Support overloaded objects in join(), substr() builtins

Preamble

Authors: Eric Herman <eric@freesa.org>, Philippe Bruhat <book@cpan.org>
Sponsor: Paul Evans <leonerd@leonerd.org.uk>
ID:      0013
Status:  Accepted

Abstract

As of Perl version 5.38, overload is incomplete and surprising for string operations:

Motivation

The perl builtin join, when operating on overloaded objects will stringify them and the result will no longer be an object of the class with overloads, even if the concat (.) function is overloaded.

Additionally, the overload module does not currently support overloading the substr operation.

The current behaviour is inconsistent and confusing.

There is at least one CPAN module which works around the join deficiency, (the join function of String::Tagged, but not universally.

The CPAN module overload::substr) is a complete solution, but we think that deferring to CPAN when Perl should do the right thing is not a satisfying answer.

Rationale

Extending overload to support substr, and join to use concat would be less surprising and more consistent with the “Do What I Mean” spirit of Perl.

Adding this to Perl would make overload::substr obsolete and simplify the implementation of String::Tagged and other similar modules which have written their own join.

Specification

The documentation for join would be amended with the following:

If any of the arguments (EXPR or LIST contents) are objects which overload the concat (.) operation, then that overloaded operation will be invoked.

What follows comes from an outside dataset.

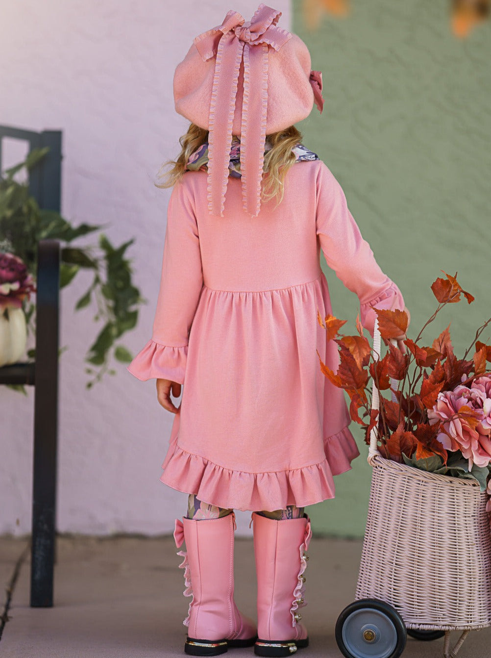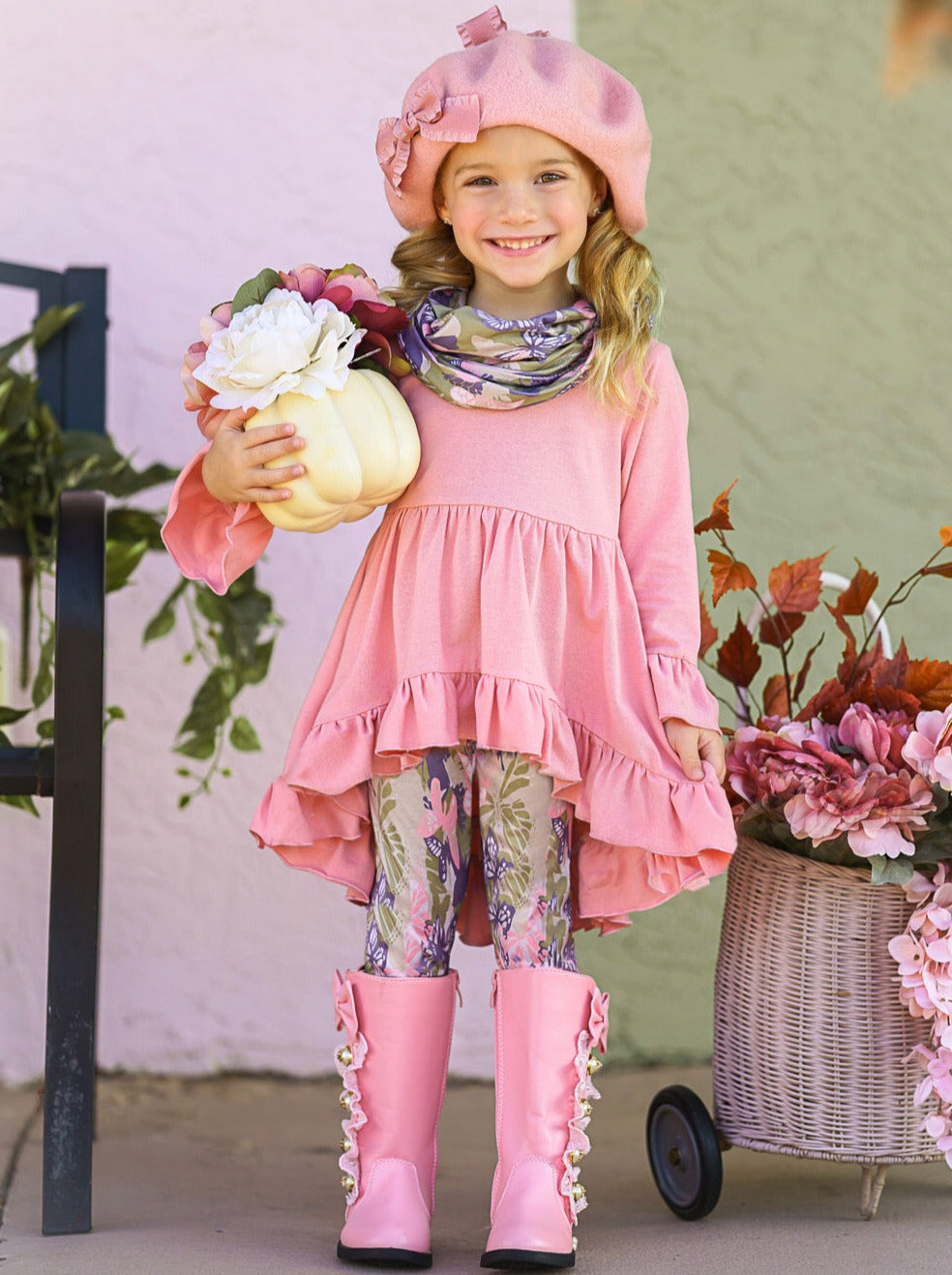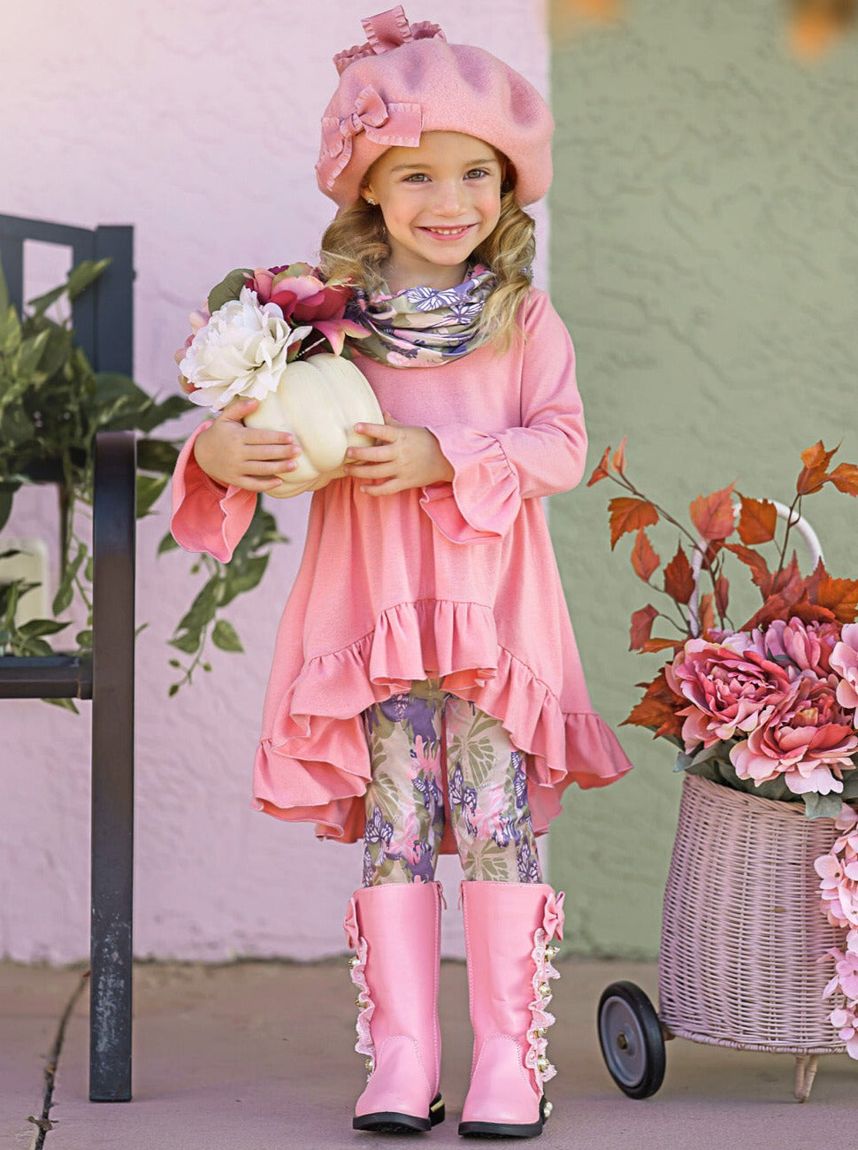 Long-sleeve hi-lo tunic with ruffle cuffs and trim, camo/butterfly print graphic pattern leggings, and matching infinity wrap scarf.

The documentation for overload would be amended to extend the complete list of keys that can be specified in the use overload statement to include substr. The module overload::substr code and documentation should be used as a reference and guide for implementation in core. Note that the current documentation for this module highlights a need for additional tests, which must be a part of a core implementation.

An open question is whether split requires an overload target, and should a fallback implementation be provided using the overloaded substr?

Backwards Compatibility

substr

There is no need autogenerate an implementation for substr if it is missing, as the stringification will happen as it does now.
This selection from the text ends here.